### Problem to work on:
Below are records with pictures in them. Transcribe everything from the line containing "Уютный женский кардиган" down to the line containing "DM @tamperewithpalestine in", exactly, and leave the pictures behind.

### Raw data:
BEGIN

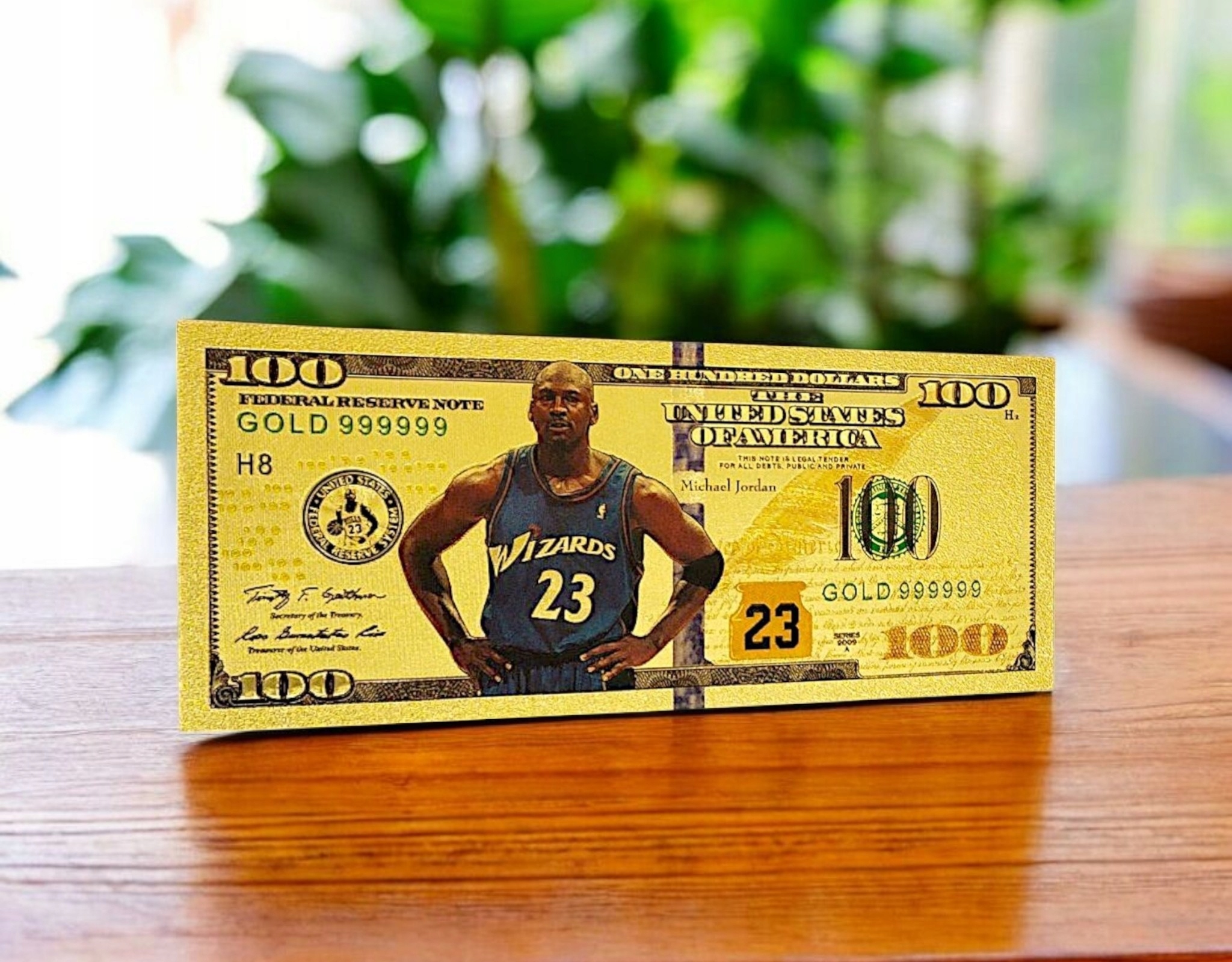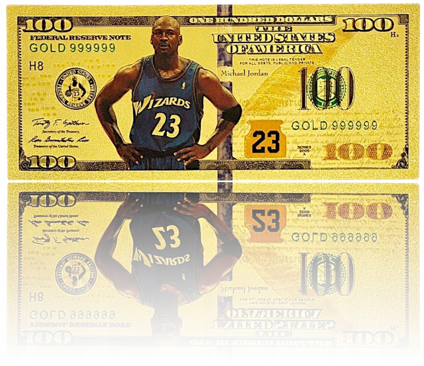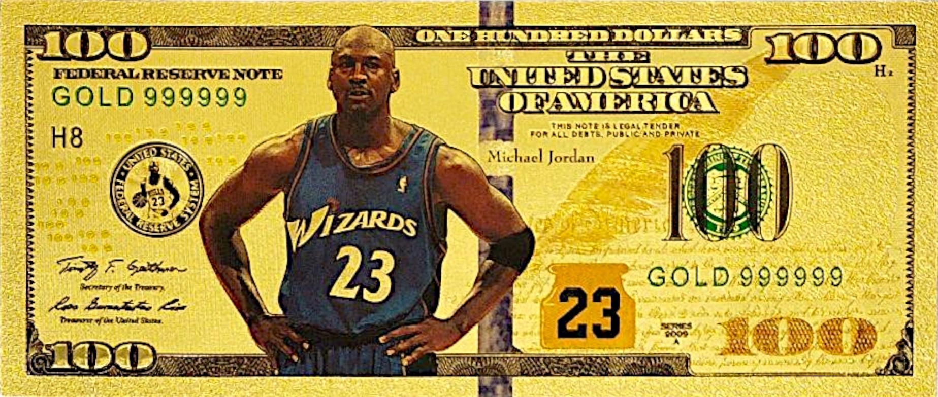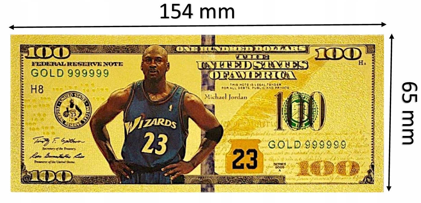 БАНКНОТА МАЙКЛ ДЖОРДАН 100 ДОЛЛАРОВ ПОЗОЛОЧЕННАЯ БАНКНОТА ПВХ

END
BEGIN

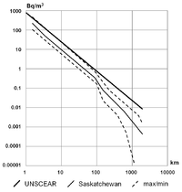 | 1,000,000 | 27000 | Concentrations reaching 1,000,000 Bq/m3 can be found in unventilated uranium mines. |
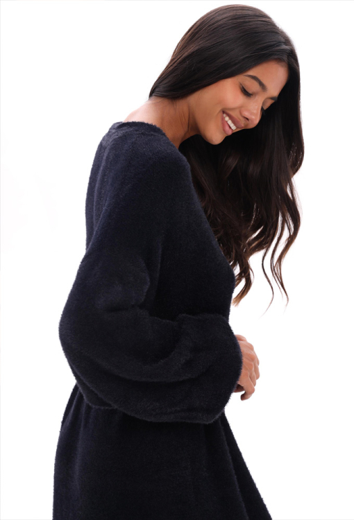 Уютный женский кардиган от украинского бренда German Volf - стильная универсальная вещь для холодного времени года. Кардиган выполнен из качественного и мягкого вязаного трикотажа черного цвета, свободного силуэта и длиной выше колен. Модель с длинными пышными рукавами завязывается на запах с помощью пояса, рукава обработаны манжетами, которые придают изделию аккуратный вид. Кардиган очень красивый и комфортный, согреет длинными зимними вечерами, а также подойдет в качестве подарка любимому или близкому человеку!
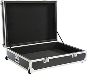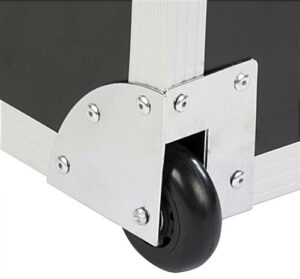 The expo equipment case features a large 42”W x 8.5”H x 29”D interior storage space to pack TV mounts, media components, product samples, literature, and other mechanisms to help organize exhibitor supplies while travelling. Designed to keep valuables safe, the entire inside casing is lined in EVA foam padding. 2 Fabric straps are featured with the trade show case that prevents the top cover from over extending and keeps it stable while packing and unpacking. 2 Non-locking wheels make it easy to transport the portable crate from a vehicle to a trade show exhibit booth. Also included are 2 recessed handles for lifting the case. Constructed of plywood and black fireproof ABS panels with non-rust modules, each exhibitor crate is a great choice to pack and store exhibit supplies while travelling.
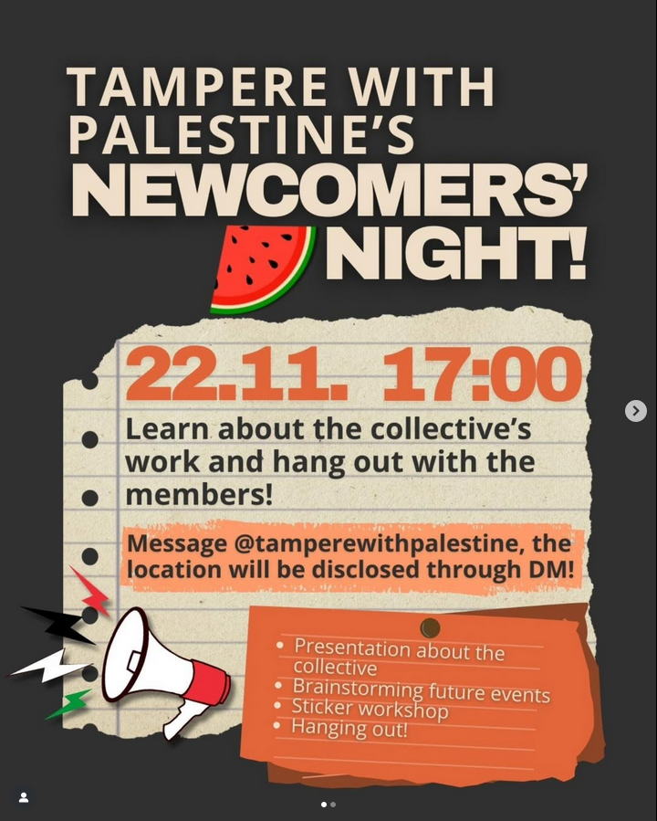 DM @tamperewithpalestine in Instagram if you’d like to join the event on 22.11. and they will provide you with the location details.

END
BEGIN

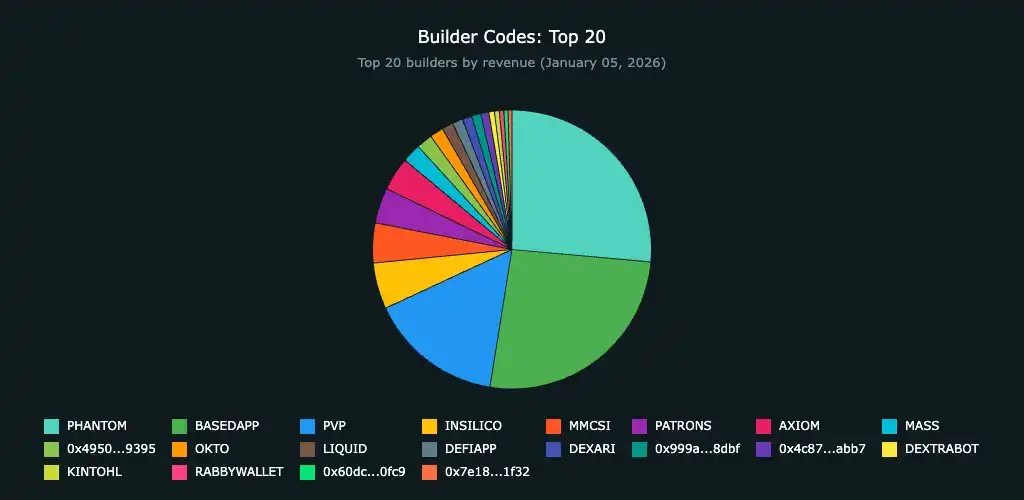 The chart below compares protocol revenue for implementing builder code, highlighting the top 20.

END

### Task response:
 Уютный женский кардиган от украинского бренда German Volf - стильная универсальная вещь для холодного времени года. Кардиган выполнен из качественного и мягкого вязаного трикотажа черного цвета, свободного силуэта и длиной выше колен. Модель с длинными пышными рукавами завязывается на запах с помощью пояса, рукава обработаны манжетами, которые придают изделию аккуратный вид. Кардиган очень красивый и комфортный, согреет длинными зимними вечерами, а также подойдет в качестве подарка любимому или близкому человеку!
 The expo equipment case features a large 42”W x 8.5”H x 29”D interior storage space to pack TV mounts, media components, product samples, literature, and other mechanisms to help organize exhibitor supplies while travelling. Designed to keep valuables safe, the entire inside casing is lined in EVA foam padding. 2 Fabric straps are featured with the trade show case that prevents the top cover from over extending and keeps it stable while packing and unpacking. 2 Non-locking wheels make it easy to transport the portable crate from a vehicle to a trade show exhibit booth. Also included are 2 recessed handles for lifting the case. Constructed of plywood and black fireproof ABS panels with non-rust modules, each exhibitor crate is a great choice to pack and store exhibit supplies while travelling.
 DM @tamperewithpalestine in Instagram if you’d like to join the event on 22.11. and they will provide you with the location details.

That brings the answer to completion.